The parameters are all placed in the TBLPROPERTIES (see Create Table). They are:
Key |
Default |
Notes |
---|---|---|
orc.bloom.filter.columns | "" | comma separated list of column names for which bloom filter should be created |
orc.bloom.filter.fpp | 0.05 | false positive probability for bloom filter (must >0.0 and <1.0) |
orc.compress | ZLIB | high level compression (one of NONE, ZLIB, SNAPPY) |
sqoop import --null-string '\\N' --null-non-string '\\N' --hive-delims-replacement '\0D' --num-mappers 8 --validate --hcatalog-home /usr/hdp/current/hive-webhcat --hcatalog-database default --hcatalog-table Inactivity --create-hcatalog-table --hcatalog-storage-stanza "stored as orcfile" -z --connect 'jdbc:sqlserver://<IP>;database=VehicleDriverServicesFollowUp' --username --password --table Inactivity -- --schema QlikView 2>&1| tee -a log
but the ORC table says compression : NO (am I missing/misinterpreting something or is some lib. missing, I didn't get any exception/error) :
hive> > > describe formatted inactivity; OK # col_name data_type comment period int vin string customerid int subscriberdealersisid string subscriberdistributorsisid string packagename string timemodify string # Detailed Table Information Database: default Owner: hive CreateTime: Tue Aug 16 17:34:36 CEST 2016 LastAccessTime: UNKNOWN Protect Mode: None Retention: 0 Location: hdfs://l4283t.sss.com:8020/apps/hive/warehouse/inactivity Table Type: MANAGED_TABLE Table Parameters: transient_lastDdlTime 1471361676 # Storage Information SerDe Library: org.apache.hadoop.hive.ql.io.orc.OrcSerde InputFormat: org.apache.hadoop.hive.ql.io.orc.OrcInputFormat OutputFormat: org.apache.hadoop.hive.ql.io.orc.OrcOutputFormat Compressed: No Num Buckets: -1 Bucket Columns: [] Sort Columns: [] Storage Desc Params: serialization.format 1 Time taken: 0.395 seconds, Fetched: 32 row(s) hive>
How do I specify this Zlib during the import command ? Is it the case that I have to pre-create that tables in Hive to use Zlib ?
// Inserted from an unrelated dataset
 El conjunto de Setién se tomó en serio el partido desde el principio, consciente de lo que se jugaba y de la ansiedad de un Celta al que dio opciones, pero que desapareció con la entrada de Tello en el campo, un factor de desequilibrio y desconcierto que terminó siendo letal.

Created 09-02-2016 01:43 PM
You can additional options to the --storage-stanza option. The storage stanza is just what gets appended to the create table statement and you can add syntactically valid options (like tblproperties)
Created 08-16-2016 04:46 PM
i would pre-create the table with ORC an ZLib
Created 08-16-2016 05:50 PM
I agree that's one way but that also means that if there are 100s of tables, one has to either manually pre-create those or execute some sqoop script to do so which means total two scripts to import one table, is there another way ?
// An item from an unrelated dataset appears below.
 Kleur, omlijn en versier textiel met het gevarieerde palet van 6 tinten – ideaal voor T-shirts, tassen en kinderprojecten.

Created 09-02-2016 01:43 PM
You can additional options to the --storage-stanza option. The storage stanza is just what gets appended to the create table statement and you can add syntactically valid options (like tblproperties)
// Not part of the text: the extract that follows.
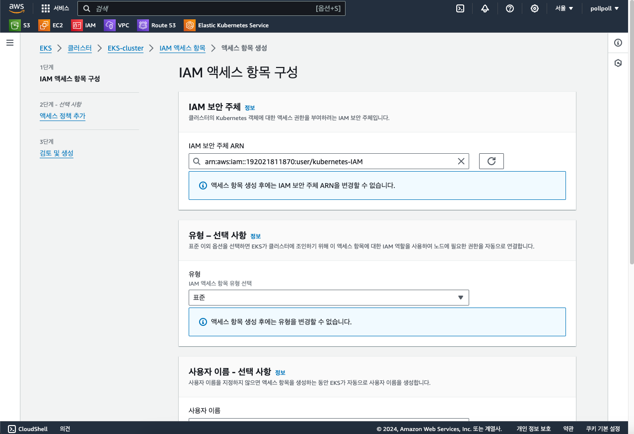 클러스터 내부에서 "엑세스" 탭에 "엑세스 항목 생성"을 선택합니다.

Created 09-05-2016 10:03 AM
I already did that now only one confusion remains - is the compression taking place as expected ?
Created 09-06-2016 05:14 AM
without compression
[numFiles=8, numRows=6547431, totalSize=66551787, rawDataSize=3154024078]
with zlib
[numFiles=8, numRows=6547431, totalSize=44046849, rawDataSize=3154024078]
As you can see, the totalSize is less with zlib.